Thursday, May 3, 2012

REICH IN RESIDENCE





If I don't write something now I risk losing track of this special concert. That is to say, not (lose track) of its importance, but of the format, and time and place. Much of what I jot down here, raves and the odd rant, are for my memory and memories. I find myself looking back, wondering who what when and where, and am often sobered by the lost details. I wonder if I'm running out of (organic) disk space and band width.

The justly famous Steve Reich, a man who 'altered the direction of musical history' (the Guardian), was in Sydney as Composer in Residence last week. Alex Ross says it all with worthy insight and clarity. I can't and wont try to do much more than document the concert called A Celebration. I went because I needed to know about this man and his music having been woefully underexposed for too long.

Margaret Throsby's interview was a good introduction and worth a listen. "Yes, she was good" he said when we had a little chat during the second interval. I came back into the house early only to find that baseball cap sitting 'right there', as Mr R was giving himself a break from the controller mixer not-so-comfortable seats and chose, foolishly for him, a seat next to me. I had to ask if I detected some Yiddish melody in the final section of Double Sextet. "Not conscious" he said before breaking into Hebrew (I think).

From 6 on Sunday evening till 10.20 a full house of an unexpectedly young (I mean lots and lots in their twenties, and younger) was enthralled by a riveting full-on Reich night, preceded by 'The Sound of Four Hands Clapping' (my nick), with Steve Baseball Cap Reich and Synergy's Timothy Constable and followed by a spontaneous and genuine standing ovation rarely seen down here. Everyone was up, literally and figuratively.

Drumming Part 1 (1971)
Mallet Quartet (2009)
Variations For Vibes Strings Piano (2005)
Interval
Four Organs (1970)
Vermont Counterpoint (1982)
Double Sextet (2007)
Interval
Music For 18 Musicians


Murray Black's rather cool assessment of the night doesn't really reflect the visceral effect this music had on the packed house and certainly on me.

Mr Reich, now 76 if the sums are right, was very present all night after a long week, a long day, and the long night. He dutifully signed CDs at the first interval ...





and as I mentioned was at the mixer throughout the concert.

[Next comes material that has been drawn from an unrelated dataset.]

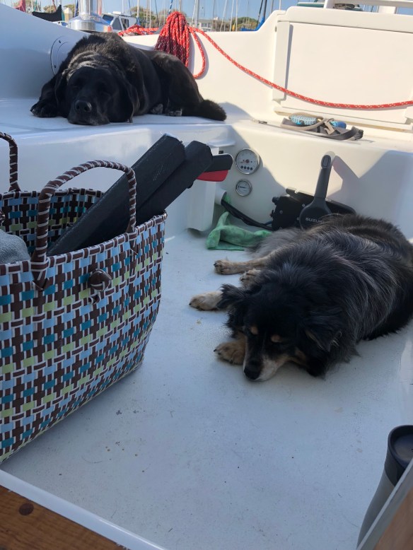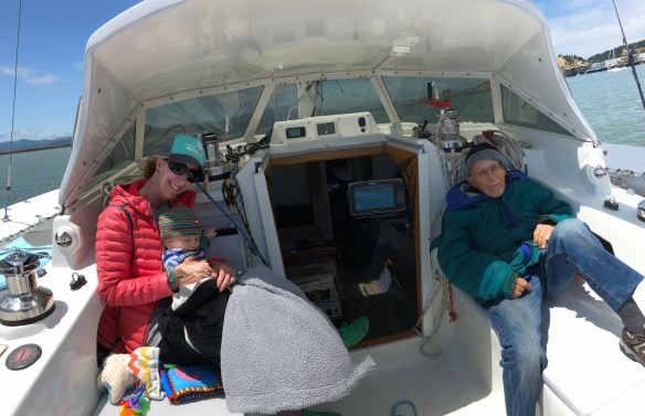 Reefed main, no jib, Autopilot and a light breeze made for the perfect mellow day for granddad/grandkid. The siblings enjoyed catching up too. Some day, Westley, I’m sure you’ll be shaking out the reefs and calling for the big Ravenswing spinnaker!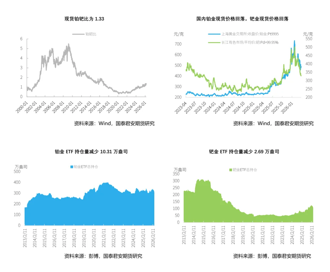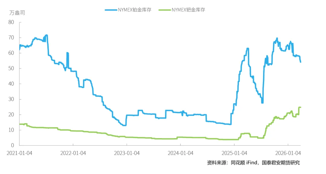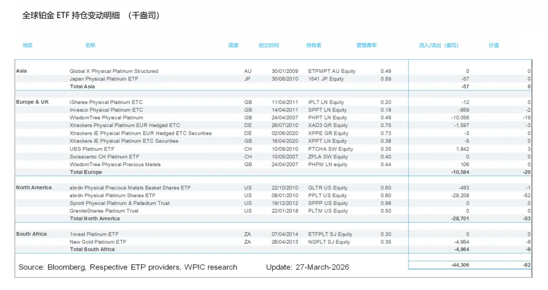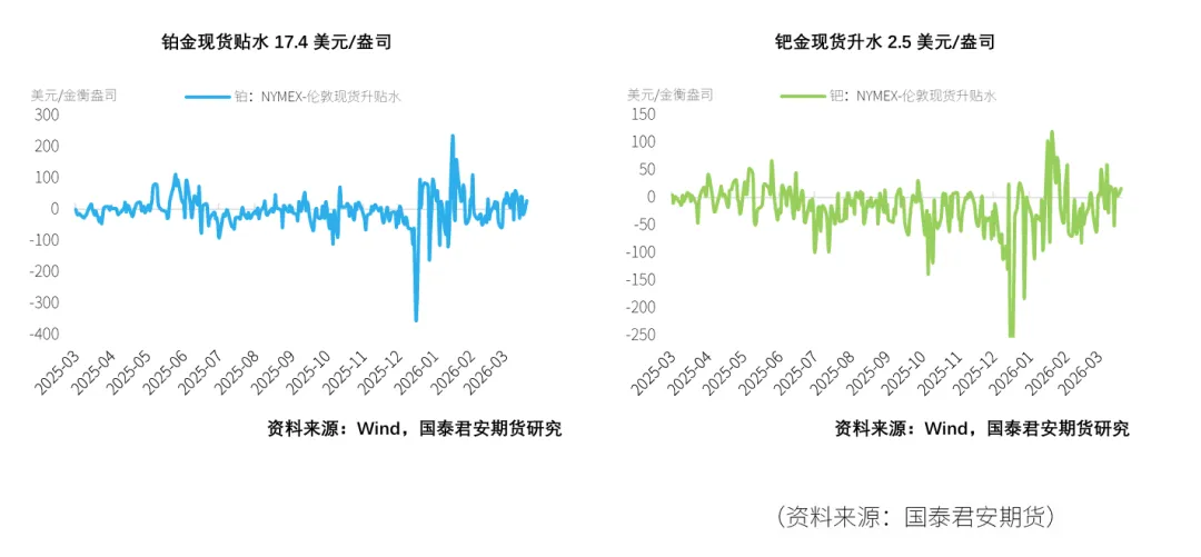 截至2026年3月27日,当周NYMEX铂金库存去库2.50万盎司,钯金期货库存持平。在现货升贴水方面,本周铂金升贴水有所波动,以周五收盘价来看贴水17.4美元/盎司。钯金同样波动,周五升水2.5美元/盎司。ETF持仓量情况,铂金持仓量回落,其全球ETF持仓量本周减少10.31万盎司,钯金持仓量回落,ETF持仓量本周减少2.69万盎司。

I though it all just wonderful, this music and its almost primal rhythms derived from the very beat of existence, the life force pulse we first experience as embryos, the pulse of a mother's heart beat, the regular pacifying beat of footsteps of mothers carrying babies, the clickety-clack of child train travel from west to east, seven years worth say, and I wonder about the sounds we hear "not consciously" - the pulse of the subatomic particles, the pulse of the stars, the pulse of the cosmos. This was for me the true sound of the universe.

When you have a comfortably spare hour, be still and listen to this. While I suspect it will be only an approximation of the live experience, perhaps you may get a glimpse of the timelessness and spacelessness this work achieves. It was transcendental. When I would occasionally surface to self-awareness, and wonder whether we had been listening for 5 or 50 minutes, there was no answer, not the desire for it ever to end. But it had to.